竜人の女武官「《風》のエメラルド」は、自分だけの絶景ポイント――お気に入りの城壁の一角で足を止めると、頬を撫でる一陣の風に、暫し目を閉じた。いつも髪をキッチリとしたアップにまとめ上げている髪留めを外し、背中まで届く濃い緑色の髪を、風に晒す。その髪は緩やかなウェーブが掛かっていて、濃淡の色ムラはあるもののエメラルド色だ。

エメラルドは、竜王都の神殿に勤める武官、つまり神殿隊士だ。生命の根源パーツを成す《宿命図》において、四大エレメントのうち《風》をメインとする《風霊相》生まれとして示されているので、正式な名乗りも「《風》の――」だ。

――もう春も半ば。夜明け直前の空気は気持ちよくヒンヤリとしており、非番の日の楽しみとなっている早駆けをした後の熱を、適度に冷ましてくれる。

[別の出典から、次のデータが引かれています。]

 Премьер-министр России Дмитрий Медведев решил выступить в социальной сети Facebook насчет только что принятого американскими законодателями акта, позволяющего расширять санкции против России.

非番の日ではあるが、予期せぬ緊急出動に備えて、エメラルドは神殿隊士の制服をまとっていた。聖職に準じる立場に相応しく、白く漂白された武官服だ。なお、通常の武官服は、黒みを帯びたミリタリー・グリーンである。神殿では威信をかけて、これを物理的にも魔法的にも手間を掛けて白くしているのである。

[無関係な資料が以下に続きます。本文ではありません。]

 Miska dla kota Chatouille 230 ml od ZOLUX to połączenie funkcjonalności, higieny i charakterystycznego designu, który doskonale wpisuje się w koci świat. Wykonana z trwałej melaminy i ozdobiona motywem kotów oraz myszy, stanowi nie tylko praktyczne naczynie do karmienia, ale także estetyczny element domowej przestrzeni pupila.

竜人がまとう服は、首回りを隙間なくカバーする、高い襟がポイントだ。竜人の喉元には逆鱗が生えている。高い襟は、この逆鱗を守るためだ。喉仏の位置からすぐ下、身体の中では最も神経質なパーツで、逆鱗に触れられると竜人は必ず激怒する。他に理由が無くてもだ。先祖から受け継ぐ本能であって、如何ともしようがない。

竜人の逆鱗に関する知識が他種族の間で広く共有されていなかった古代の頃は、竜人と事を構える羽目になった原因のほとんどは、「不埒にも逆鱗に触れたのが理由」というケースが多かったものである――

――エメラルドが佇んでいるのは、気の遠くなるような断崖絶壁に、数多の尖塔と共に聳え立つ高い城壁の上だ。

《地》魔法の粋を尽くした城壁や尖塔、高層建築といった巨大建造物は、全体的に淡くグリーンを帯びた薄灰色の魔法建材で構成されている。窓枠や扉、屋根と言った各ポイントは黒色や濃灰色がメインであるが、下町になるに従って、住民たちの習慣や趣味、或いは資金力に応じて、多彩な色合いをした天然素材の割合が増えていた。

*****

竜王都の城壁や摩天楼は、竜人の魔法使いによる《地》魔法の結晶である。

現在の竜王都は、元は背後の巨大山岳地帯から突き出した形になっている、急峻かつ巨大な岩山――しかも、無尽蔵のエーテル資源に恵まれていたため、古来から無数の魔物がはびこる『魔の山』であった。その表面はどこもかしこも断崖絶壁だらけで、黒い巨木の樹林帯以外は、断崖絶壁すなわち人外魔境だった。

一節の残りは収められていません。